По каменным лицам собравшихся было видно, что они не упустили ни малейшей детали из его рассказа. «Убитые, раненые были?» – спросил Зоран Кустурица. «Не исключаю, – печально кивнул Моккинакки. – То есть я хочу сказать, что были почти наверняка». Зоран бесстрастно постучал пальцами по столу. «Это плохо, Штурман. Ты, конечно, понимаешь, что это очень плохо». Владимир сзади подошел и наполнил стакан Моккинакки новой дозой болгарской сливовицы. «Конечно, понимаю, Зоран, – проговорил наш герой, – но без этого было бы еще хуже». Владимир облокотился на спинку его стула. «Ты видишь, адмирал, процент риска стремительно повышается. Надеюсь, что у председателя хватит здравого смысла, чтобы отступить». Моккинакки и Кустурица обменялись крайне серьезными взглядами. «Боюсь, не хватит», – пробормотал последний.

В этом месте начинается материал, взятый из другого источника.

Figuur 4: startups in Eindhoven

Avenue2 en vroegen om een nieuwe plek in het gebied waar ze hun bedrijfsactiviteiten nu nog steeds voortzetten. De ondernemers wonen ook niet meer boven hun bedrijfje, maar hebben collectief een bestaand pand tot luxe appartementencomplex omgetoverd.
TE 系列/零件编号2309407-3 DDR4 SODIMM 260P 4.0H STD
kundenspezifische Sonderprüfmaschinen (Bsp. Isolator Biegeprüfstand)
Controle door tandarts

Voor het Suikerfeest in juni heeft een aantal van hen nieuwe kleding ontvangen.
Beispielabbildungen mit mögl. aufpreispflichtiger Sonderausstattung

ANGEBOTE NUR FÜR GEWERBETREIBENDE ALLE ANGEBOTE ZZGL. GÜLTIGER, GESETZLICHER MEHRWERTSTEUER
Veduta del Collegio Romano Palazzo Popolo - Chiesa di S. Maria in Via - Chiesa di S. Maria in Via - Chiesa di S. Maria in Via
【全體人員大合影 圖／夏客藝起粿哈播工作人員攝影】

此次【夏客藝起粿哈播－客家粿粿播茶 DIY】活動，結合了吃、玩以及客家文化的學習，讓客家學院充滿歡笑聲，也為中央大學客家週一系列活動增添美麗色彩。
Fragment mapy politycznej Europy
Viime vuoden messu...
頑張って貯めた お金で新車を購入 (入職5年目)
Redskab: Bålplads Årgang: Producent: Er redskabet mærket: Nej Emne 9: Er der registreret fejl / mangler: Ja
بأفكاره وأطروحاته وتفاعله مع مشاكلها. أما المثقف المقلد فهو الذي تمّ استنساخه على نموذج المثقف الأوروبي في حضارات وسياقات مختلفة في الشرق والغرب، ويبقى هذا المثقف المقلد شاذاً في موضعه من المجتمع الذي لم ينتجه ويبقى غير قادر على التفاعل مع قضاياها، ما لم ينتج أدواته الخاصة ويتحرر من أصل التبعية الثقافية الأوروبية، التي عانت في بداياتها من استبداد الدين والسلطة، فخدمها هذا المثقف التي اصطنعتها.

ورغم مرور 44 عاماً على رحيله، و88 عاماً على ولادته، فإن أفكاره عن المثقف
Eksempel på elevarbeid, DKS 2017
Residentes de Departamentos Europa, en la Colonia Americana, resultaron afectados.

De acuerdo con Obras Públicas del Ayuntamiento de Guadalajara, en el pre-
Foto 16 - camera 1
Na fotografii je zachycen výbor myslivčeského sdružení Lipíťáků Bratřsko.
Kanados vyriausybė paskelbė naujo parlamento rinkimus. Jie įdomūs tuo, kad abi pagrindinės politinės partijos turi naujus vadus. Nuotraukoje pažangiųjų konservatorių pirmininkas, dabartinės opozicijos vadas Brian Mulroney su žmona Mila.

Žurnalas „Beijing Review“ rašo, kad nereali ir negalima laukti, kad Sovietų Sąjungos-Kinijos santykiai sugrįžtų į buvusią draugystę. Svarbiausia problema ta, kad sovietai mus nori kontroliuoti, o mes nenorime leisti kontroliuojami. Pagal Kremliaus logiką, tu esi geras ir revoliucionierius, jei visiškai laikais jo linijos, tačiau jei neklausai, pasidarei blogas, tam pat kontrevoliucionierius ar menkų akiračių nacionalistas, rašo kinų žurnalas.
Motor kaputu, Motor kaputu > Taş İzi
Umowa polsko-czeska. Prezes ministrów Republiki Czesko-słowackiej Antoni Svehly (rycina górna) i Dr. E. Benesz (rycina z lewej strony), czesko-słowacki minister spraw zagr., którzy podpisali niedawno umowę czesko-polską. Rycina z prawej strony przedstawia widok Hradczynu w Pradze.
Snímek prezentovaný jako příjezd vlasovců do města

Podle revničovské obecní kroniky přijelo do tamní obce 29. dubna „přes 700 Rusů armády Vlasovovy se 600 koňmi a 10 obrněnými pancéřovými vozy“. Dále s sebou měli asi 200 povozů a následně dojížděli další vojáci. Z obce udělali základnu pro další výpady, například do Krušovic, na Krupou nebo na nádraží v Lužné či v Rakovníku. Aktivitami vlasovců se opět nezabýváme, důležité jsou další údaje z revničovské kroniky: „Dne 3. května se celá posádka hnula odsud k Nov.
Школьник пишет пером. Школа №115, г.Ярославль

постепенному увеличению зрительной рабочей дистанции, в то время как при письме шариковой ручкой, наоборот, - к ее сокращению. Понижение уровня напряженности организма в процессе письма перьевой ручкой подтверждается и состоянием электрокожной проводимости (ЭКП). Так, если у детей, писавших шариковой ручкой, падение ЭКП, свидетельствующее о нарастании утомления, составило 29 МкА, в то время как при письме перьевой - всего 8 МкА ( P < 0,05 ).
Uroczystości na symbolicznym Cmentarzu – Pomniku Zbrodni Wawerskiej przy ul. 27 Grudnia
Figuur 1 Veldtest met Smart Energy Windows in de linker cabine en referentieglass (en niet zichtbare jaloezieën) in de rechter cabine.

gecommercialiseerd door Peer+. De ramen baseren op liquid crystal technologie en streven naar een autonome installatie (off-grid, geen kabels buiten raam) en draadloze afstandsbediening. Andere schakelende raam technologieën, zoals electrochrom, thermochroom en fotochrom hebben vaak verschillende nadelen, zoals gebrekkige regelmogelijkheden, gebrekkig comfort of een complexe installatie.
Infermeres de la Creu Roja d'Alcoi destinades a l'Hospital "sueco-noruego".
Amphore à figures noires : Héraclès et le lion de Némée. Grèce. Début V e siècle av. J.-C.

Не успел он произнести эту фразу, как пол по соседству со столом дрогнул. Крупный, метр на метр, квадрат покрытия стал подниматься, ведомый снизу мощной рукой, и отвалился в сторону, не потеряв ни единой кафельной плитки. Из подполья или, вернее сказать, из подземного хода вылезли два гайдука, закамуфлированные под пилотов «Аэрофлота». За ними молодцевато выскочил председатель в кашемировом пальто, плотно обтягивающем тяжеловатый, но мощный живот и такие же ягодицы. Удивительный человек, этот партизанский маршал, он даже не удосуживается менять внешность во время своих визитов в Москву. Всю свою жизнь, а она продолжается уже шестьдесят лет, он полагался на свою кабанью силу, на быстроту своих реакций, но больше всего на свою исключительную фортуну. Страх был неведом ему. В 1943 году в горах, когда от отряда личной стражи осталось всего пять человек, включая Штурмана Эштерхази, а ближайший каньон был занят батальоном горных стрелков вермахта, он сказал оставшимся, что ночью они пойдут на прорыв. Эштерхази начал его увещевать, говоря об исключительной экипировке немцев, об осветительных ракетах, о приборах ночного видения, о том, что по всем приметам наци знают, что обложили главного вепря, что нужно залечь в пещере по крайней мере на три дня, однако председатель только хохотал и делал похабные жесты. Эхо разносило его хохот по всему каньону. «Мы прорвемся, Штурман, потому что мы не можем не прорваться», – сказал он. Ночью, когда они выползли из пещеры, весь каньон полыхал огнем. Тяжелые бомбы ухали, сотрясая склоны. Трассирующие пули нацистских кротов ничего не могли противопоставить пролету валькирий. Впоследствии стало известно, что над Боснией в ту ночь шли стаи союзной челночной авиации; над темными местами они освобождались от излишнего бомбозапаса. Таким образом выход из окружения оказался для крошечного отряда увеселительной прогулкой. «Теперь ты понял, Штурман, почему нам везет? Мы прорываемся не для себя, а для истории. Это мадам Клио о нас печется! Ты должен понять это, советский пилот!»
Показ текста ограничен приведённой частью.